■ **Directions**: Set down exactly the lines in the records below that run from the line with "Two sets of" to the line with "First, access the", inclusive, and nothing more.

■ **Provided records**:

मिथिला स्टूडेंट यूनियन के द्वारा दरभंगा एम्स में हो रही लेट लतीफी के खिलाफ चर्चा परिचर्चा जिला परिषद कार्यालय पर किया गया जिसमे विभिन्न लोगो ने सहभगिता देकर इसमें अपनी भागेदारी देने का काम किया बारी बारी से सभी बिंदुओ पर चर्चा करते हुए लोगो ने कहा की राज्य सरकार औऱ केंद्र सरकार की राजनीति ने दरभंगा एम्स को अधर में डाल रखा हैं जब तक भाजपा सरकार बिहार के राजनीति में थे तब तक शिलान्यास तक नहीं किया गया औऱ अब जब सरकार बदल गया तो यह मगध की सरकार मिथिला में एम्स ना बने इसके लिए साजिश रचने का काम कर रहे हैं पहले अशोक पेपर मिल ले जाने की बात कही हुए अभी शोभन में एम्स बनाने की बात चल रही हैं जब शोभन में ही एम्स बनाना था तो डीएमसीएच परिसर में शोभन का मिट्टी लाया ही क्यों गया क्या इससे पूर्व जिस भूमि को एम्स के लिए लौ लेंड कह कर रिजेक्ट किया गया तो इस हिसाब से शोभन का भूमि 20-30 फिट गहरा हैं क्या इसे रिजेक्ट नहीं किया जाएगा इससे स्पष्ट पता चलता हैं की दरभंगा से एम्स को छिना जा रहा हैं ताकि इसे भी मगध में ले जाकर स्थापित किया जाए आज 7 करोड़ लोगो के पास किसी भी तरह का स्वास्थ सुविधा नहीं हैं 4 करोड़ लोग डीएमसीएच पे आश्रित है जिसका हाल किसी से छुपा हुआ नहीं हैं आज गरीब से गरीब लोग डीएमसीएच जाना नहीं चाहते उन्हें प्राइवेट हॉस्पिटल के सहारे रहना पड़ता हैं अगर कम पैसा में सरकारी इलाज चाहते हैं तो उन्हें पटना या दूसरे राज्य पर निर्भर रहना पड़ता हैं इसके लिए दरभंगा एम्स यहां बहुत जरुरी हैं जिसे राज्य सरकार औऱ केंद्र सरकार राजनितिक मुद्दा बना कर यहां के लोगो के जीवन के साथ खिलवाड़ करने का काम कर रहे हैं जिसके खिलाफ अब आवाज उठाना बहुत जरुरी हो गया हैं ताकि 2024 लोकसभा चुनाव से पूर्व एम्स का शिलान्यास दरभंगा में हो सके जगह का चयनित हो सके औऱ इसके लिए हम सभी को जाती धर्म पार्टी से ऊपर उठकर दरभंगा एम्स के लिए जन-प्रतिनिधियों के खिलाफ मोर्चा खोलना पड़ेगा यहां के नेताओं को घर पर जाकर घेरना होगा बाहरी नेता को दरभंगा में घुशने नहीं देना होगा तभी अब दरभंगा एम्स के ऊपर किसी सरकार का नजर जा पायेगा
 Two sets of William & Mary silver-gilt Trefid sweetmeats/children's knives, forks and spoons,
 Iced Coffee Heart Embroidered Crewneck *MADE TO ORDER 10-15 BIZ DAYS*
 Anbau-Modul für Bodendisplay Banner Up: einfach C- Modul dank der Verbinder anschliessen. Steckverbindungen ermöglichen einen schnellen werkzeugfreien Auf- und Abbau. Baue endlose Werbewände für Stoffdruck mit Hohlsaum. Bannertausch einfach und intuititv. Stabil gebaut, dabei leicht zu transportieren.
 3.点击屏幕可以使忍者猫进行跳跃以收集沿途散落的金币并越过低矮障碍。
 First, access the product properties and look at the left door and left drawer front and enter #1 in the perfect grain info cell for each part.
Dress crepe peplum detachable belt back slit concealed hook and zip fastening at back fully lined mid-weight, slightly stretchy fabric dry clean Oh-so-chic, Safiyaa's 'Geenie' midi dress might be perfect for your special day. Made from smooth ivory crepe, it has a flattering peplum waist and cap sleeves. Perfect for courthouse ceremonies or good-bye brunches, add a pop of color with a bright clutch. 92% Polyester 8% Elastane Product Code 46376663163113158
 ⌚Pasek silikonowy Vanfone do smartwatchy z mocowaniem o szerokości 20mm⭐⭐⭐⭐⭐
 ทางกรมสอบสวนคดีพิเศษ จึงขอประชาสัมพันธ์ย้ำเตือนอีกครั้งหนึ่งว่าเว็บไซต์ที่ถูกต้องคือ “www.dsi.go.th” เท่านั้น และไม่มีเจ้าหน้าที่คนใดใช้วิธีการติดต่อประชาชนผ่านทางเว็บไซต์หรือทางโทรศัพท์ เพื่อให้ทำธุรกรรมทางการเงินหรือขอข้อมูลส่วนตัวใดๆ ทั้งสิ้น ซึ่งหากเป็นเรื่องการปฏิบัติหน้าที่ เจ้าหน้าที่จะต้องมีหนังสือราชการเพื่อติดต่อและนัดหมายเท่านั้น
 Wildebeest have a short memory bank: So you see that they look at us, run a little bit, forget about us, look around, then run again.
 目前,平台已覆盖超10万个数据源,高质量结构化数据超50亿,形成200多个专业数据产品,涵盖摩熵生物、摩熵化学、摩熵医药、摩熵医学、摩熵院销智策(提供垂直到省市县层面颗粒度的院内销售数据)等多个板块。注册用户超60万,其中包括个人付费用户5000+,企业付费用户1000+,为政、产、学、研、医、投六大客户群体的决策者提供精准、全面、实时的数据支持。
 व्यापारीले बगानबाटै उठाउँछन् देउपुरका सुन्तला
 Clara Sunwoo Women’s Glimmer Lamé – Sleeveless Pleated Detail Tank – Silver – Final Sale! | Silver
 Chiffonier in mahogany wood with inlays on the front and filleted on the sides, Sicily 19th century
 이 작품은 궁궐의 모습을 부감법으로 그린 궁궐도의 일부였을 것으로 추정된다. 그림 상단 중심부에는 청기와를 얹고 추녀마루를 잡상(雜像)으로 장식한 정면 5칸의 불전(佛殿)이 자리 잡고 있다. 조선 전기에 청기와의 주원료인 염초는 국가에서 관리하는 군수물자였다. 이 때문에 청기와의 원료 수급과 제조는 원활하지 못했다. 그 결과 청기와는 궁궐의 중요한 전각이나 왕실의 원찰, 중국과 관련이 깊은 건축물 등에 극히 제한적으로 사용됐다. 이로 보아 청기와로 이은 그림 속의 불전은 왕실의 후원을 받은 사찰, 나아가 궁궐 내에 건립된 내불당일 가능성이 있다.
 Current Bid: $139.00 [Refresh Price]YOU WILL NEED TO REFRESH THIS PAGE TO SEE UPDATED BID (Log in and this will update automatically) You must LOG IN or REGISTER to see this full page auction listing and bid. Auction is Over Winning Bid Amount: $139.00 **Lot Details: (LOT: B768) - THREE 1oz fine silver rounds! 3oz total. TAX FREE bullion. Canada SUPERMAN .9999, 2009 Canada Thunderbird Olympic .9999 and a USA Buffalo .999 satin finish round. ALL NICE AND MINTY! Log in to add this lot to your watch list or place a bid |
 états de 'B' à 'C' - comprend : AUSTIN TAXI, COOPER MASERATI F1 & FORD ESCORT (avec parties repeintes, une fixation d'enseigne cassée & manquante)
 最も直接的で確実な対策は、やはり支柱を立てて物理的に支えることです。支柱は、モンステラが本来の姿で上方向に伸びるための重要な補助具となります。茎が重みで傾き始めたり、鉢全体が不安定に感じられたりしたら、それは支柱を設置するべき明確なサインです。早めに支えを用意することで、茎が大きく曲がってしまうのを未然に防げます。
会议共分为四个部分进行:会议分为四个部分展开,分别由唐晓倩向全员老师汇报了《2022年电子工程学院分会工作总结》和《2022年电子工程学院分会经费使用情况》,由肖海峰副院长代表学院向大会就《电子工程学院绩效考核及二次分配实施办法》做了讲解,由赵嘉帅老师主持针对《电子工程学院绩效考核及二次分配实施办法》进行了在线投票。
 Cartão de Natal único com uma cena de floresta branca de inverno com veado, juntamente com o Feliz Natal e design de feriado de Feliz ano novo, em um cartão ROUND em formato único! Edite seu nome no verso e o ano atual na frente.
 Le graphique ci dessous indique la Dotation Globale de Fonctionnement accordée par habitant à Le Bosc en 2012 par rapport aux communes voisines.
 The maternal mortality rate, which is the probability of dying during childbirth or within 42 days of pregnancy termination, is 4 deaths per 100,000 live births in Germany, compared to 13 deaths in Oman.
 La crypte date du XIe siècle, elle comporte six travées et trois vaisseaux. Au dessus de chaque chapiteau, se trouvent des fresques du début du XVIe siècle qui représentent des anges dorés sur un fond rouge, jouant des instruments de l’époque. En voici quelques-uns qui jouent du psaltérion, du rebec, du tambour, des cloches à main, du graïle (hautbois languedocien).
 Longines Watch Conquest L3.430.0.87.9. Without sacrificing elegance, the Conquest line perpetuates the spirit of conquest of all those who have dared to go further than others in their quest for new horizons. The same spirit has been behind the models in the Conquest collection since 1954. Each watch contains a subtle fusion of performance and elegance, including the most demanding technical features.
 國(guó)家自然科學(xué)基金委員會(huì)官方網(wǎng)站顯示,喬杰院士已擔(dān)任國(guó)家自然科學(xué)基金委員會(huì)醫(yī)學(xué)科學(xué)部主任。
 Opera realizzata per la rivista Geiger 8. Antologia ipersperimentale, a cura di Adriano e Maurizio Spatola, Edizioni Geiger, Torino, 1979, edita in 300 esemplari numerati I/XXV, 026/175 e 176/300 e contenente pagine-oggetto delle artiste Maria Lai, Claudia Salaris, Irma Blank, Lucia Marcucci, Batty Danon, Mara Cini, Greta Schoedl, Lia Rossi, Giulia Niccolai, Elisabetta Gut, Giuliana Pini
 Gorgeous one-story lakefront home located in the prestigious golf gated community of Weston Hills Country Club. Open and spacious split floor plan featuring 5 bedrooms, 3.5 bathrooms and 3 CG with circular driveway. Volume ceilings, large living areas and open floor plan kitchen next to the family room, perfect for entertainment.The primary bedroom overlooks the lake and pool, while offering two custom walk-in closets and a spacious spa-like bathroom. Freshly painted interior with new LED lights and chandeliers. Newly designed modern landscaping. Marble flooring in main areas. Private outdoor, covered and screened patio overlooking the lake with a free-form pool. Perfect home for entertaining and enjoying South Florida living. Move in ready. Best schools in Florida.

■ **Written answer**:
 Two sets of William & Mary silver-gilt Trefid sweetmeats/children's knives, forks and spoons,
 Iced Coffee Heart Embroidered Crewneck *MADE TO ORDER 10-15 BIZ DAYS*
 Anbau-Modul für Bodendisplay Banner Up: einfach C- Modul dank der Verbinder anschliessen. Steckverbindungen ermöglichen einen schnellen werkzeugfreien Auf- und Abbau. Baue endlose Werbewände für Stoffdruck mit Hohlsaum. Bannertausch einfach und intuititv. Stabil gebaut, dabei leicht zu transportieren.
 3.点击屏幕可以使忍者猫进行跳跃以收集沿途散落的金币并越过低矮障碍。
 First, access the product properties and look at the left door and left drawer front and enter #1 in the perfect grain info cell for each part.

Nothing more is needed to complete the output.